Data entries
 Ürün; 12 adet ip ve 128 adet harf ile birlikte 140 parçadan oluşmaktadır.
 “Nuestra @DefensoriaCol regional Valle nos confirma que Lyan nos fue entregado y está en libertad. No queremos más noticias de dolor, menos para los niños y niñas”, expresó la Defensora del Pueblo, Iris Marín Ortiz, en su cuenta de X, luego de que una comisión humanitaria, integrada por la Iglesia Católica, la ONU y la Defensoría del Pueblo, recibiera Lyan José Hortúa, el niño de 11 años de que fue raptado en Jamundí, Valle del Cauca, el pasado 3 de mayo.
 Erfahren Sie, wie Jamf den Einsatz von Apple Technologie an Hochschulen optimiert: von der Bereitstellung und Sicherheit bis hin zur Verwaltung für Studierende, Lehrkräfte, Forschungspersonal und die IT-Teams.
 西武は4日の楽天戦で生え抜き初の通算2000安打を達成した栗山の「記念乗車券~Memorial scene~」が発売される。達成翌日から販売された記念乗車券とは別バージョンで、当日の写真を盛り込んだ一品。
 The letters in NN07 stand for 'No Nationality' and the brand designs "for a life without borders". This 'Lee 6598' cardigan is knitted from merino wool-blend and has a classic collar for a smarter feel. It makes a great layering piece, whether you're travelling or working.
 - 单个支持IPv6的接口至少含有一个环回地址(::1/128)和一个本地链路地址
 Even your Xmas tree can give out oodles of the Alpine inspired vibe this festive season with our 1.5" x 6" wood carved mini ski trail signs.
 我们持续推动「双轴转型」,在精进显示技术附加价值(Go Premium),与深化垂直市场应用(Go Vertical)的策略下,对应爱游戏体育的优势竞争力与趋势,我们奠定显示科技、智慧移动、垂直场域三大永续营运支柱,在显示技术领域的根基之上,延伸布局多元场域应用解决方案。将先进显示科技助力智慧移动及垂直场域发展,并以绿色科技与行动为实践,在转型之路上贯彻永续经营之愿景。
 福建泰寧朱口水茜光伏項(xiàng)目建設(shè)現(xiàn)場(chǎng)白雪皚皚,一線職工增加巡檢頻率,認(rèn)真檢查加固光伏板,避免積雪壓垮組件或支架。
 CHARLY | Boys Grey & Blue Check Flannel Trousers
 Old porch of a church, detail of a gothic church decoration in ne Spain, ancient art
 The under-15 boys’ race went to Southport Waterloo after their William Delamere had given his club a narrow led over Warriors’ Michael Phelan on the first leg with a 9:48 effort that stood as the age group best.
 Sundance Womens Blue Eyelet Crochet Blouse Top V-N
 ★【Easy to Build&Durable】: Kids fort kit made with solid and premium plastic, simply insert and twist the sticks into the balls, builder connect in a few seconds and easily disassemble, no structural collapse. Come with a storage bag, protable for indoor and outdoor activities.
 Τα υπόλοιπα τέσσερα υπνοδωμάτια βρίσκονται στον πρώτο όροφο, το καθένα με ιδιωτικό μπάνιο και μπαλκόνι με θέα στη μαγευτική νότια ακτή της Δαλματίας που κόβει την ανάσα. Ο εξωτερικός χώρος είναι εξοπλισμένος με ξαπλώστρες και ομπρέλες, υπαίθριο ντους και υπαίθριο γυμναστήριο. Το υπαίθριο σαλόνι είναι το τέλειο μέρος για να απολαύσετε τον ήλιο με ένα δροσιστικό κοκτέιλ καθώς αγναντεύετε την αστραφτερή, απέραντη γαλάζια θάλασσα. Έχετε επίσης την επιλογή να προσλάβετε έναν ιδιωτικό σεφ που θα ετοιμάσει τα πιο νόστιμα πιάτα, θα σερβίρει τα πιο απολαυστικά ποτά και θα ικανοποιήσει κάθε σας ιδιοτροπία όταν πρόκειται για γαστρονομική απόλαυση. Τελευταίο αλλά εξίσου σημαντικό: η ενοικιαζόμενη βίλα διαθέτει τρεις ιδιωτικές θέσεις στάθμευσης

■ **ACTIVITY**
Where the word "Blue" appears in a line of the entries, copy that line.

■ **SOLUTION TO THE EXERCISE**
 CHARLY | Boys Grey & Blue Check Flannel Trousers
 Sundance Womens Blue Eyelet Crochet Blouse Top V-N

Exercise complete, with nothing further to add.